Carta para Helen K. Friedman
R. Santana

Querida Amiga Helen:

Depois que tomei duas doses cavalares de caipirinha (pobre tem alergia a whisky), li e reli sua amável carta. Quando a recebi pelos Correios, no meio de um calhamaço de faturas de cartão de crédito, contas de telefone, internet, lojas de roupa, lojas de calçados, prestação de carro, eu estranhei que não tivesse usado o Whatsapp, o e-mail, o "MSN Messenger", então o Skype, mas usou o tradicional meio de comunicação: a carta. Pensei que os jovens tivessem extinguidos velhos meios de comunicação, o seu gesto diz que não.

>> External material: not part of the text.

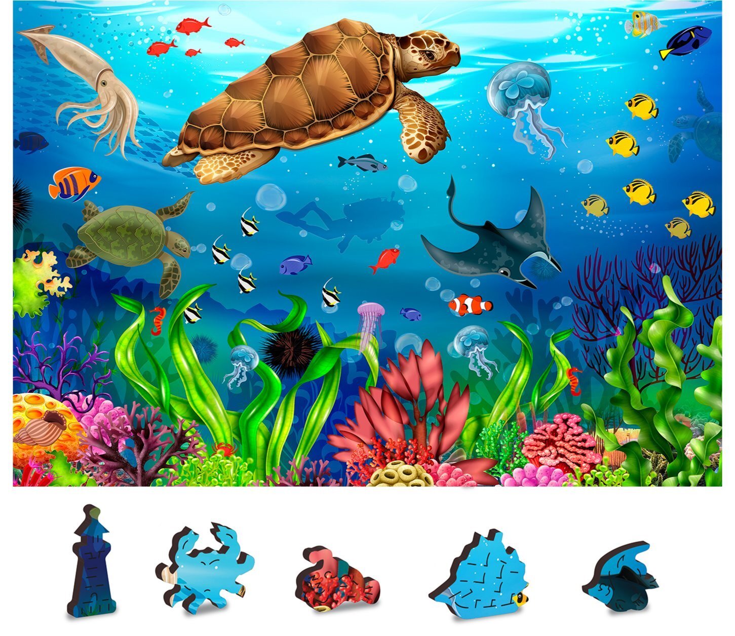 WOODEN CITY Dřevěné puzzle Potápěčský ráj 2v1, 100 dílků EKO
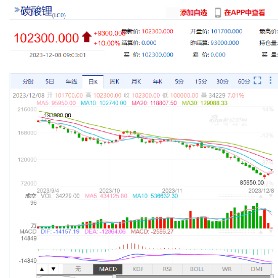来源中国基金报记者文夕原标题刚刚,全线涨停!逼空大战来了?业内发声碳酸锂期货近期集体创下新低后,又连续全线涨停,行情堪称疯狂。12月8日早盘,碳酸锂期货合约LC2401-LC2411再度集体涨停,在连续多日单边下跌行

Não existe situação mais desagradável, minha cara Helen, do que em uma sala que se espera alguém ou alguma coisa, as pessoas debruçadas em seus celulares, enviando ou recebendo mensagens, é um silêncio fúnebre, é um silêncio que incomoda, comunicação às avessas, a pessoa está ali e não se encontra ali, é o fim das relações próximas, é o fim do toque e dos afetos, do olho no olho, é o fim do tête-à-tête, é o fim da conversa.
Gentileza gera gentileza, portanto, quero lhe agradecer pela amável cartinha que me enviou. Sua preocupação com a minha saúde, com as minhas produções literárias, com as produções literárias do Sul da Bahia, os comentários que fez sobre o momento político e econômico adverso do nosso país, mesmo morando distante, aí na terra o Tio Sam, são conjeturas atuais.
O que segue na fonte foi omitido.